For this problem, a height-balanced binary tree is defined as a binary tree in which the depth of the two subtrees of every node never differ by more than 1.
Problem 2 [Path Sum]
Given a binary tree and a sum, determine if the tree has a root-to-leaf path such that adding up all the values along the path equals the given sum.
For example:
Given the below binary tree and sum = 22
,
5 / 4 8 / / 11 13 4 / \ 7 2 1
Problem 3 [Path Sum II]
Given a binary tree and a sum, find all root-to-leaf paths where each path‘s sum equals the given sum.
For example:
Given the below binary tree and sum = 22
,
5 / 4 8 / / 11 13 4 / \ / 7 2 5 1
The three problems are very easy at some extent, but they differ with each other, regarding the proper mechanism of passing answer set and arguments.
The three problems include two very important issues in writing a recursion program.
1. How to pass the arguments to next level recursion?
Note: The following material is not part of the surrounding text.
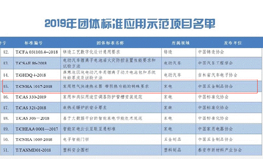 在工信部18日公布的2019年團體標(biāo)準(zhǔn)應(yīng)用示范項目名單中,中國五金制品協(xié)會團體標(biāo)準(zhǔn)《家用燃氣快速熱水器帶預(yù)熱功能的特殊要求》(T/CNHA 1017-2018)入選。

2. How to return the answer set?
In problem1: (feedback to root level)
In order to test if a tree is a balance binary tree, we need to get the height of left-sub tree and right-sub tree. Can we do it in this way ?
get_height(..., int left_tree_height, ...)
Absolutely no, Java pass arguments by value(the change in low-level recursion is just within its own scope).Thus we have to use other choices.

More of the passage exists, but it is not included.